Simple genetic diseases, such as cystic fibrosis and thalassaemia are just that - simple. A single gene underlies them. Finding it is like climbing a steep hill - hard work but straightforward. Complex disorders, such as asthma and type 2 diabetes, by contrast, have many components, which makes finding a cause more like scaling Everest - far harder, requiring more specialist equipment and the strong possibility of failure.

In work published in the October issue of Nature Genetics, University of Chicago researchers have cleared a path to studying the genetic foundation of type 2, or non-insulin-dependent diabetes mellitus (NIDDM). In a study of a Mexican-American population and two white populations (Finns and Germans) they have found that small genetic variations, called single-nucleotide polymorphisms (SNPs), in a particular gene tend to occur more often in diabetics than in healthy relatives. Although finding a common genetic variation in family groups affected by simple genetic disorders is implicit, a gene implicated in a population with a complex disease could provide a potential new target for gene therapy. "Variation in this gene is associated with a threefold increased risk in the groups studied," explains lead researcher Graeme Bell.

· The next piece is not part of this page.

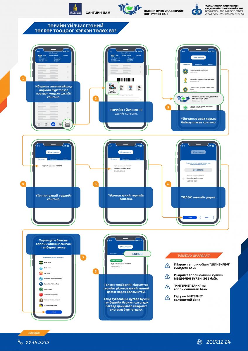 Дээрх үйлчилгээнүүдийг гар утаснаасаа авахын тулд иргэд өөрийн утсан дээрх И-баримт аппликэйшн руу нэвтрэн “Төрийн үйлчилгээ” цэсийг сонгон "Жижиг, дунд үйлдвэрийг хөгжүүлэх сан"-ийн зээл төлөлт үйлчилгээг сонгоно. Үүний дараагаар харилцагч төлбөр төлөх арилжааны банкаа сонгон тухайн банкны интернэт банкаар, эсвэл Social Pay зэрэг дижитал хэтэвчний тусламжтайгаар үйлчилгээний хураамжаа

Bell and colleagues have used clever detective work coupled with brute force to positionally clone this gene, which seems to affect susceptibility to type 2 diabetes. They point the accusing finger at a gene encoding calpain-10, a ubiquitous cysteine protease, and demonstrate that specific combinations of polymorphisms in this gene are associated with disease risk. "These findings propose a fundamentally new hypothesis for diabetes research," says Leonid Kruglyak of the Fred Hutchison Cancer Center, Seattle, writing in an accompanying News and Views article. Superficially, the enzyme has no apparent connection with the disease but Bell's colleagues, led by Leslie Baier, have reported that variation in calpain-10 is associated with insulin resistance, so there are already clues as to a possible underlying mechanism.

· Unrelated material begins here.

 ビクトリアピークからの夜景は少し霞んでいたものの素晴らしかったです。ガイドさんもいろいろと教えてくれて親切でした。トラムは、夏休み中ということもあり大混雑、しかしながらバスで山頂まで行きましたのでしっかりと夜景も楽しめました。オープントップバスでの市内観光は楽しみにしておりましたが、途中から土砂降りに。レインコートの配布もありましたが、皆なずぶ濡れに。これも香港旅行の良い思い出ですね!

Some observers are cautious of proclaiming triumphs at this stage, suggesting that a new style genetics is needed to understand complex 21st century problems. "How well [Bell's results] will stand up to future tests and extrapolation remains to be seen," explains Kenneth Weiss of Penn State University. "We need to see if it is confirmed in biological as well as epidemiological contexts," he adds, "there are lots of genes we don't know about and perhaps our ideas about diabetes physiology are wrong." Bell counters that "although we don't have information on every population in the world yet, such studies are in progress ... This is just the first step."

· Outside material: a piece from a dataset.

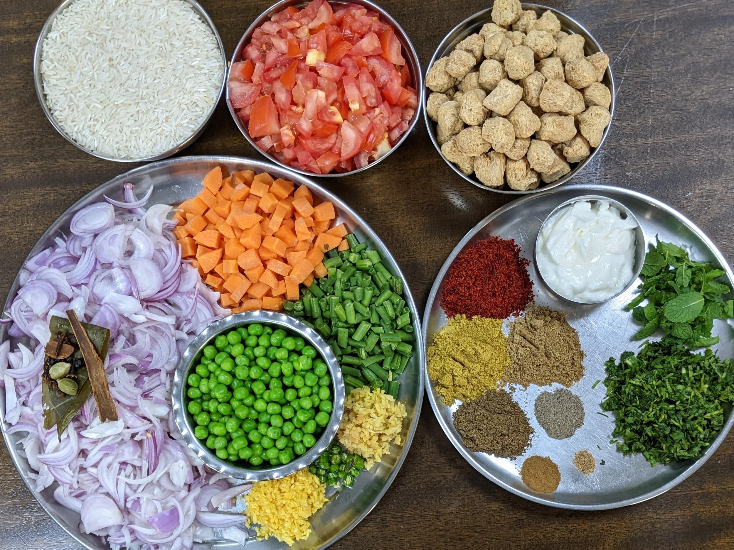 Serve this yummy Veg Soya Biryani with yogurt and papad.

The research does represent a shift in the landscape of genetic diseases. "Studies are not going to be easy," says Bell "but they are not impossible and each locus will present its own challenges." Kruglyak feels the path is clearer, if only because of the 'psychological factor' of showing it can succeed. How important it will be in the overall problem of diabetes, or how often this kind of success will occur in other diseases, will emerge in time.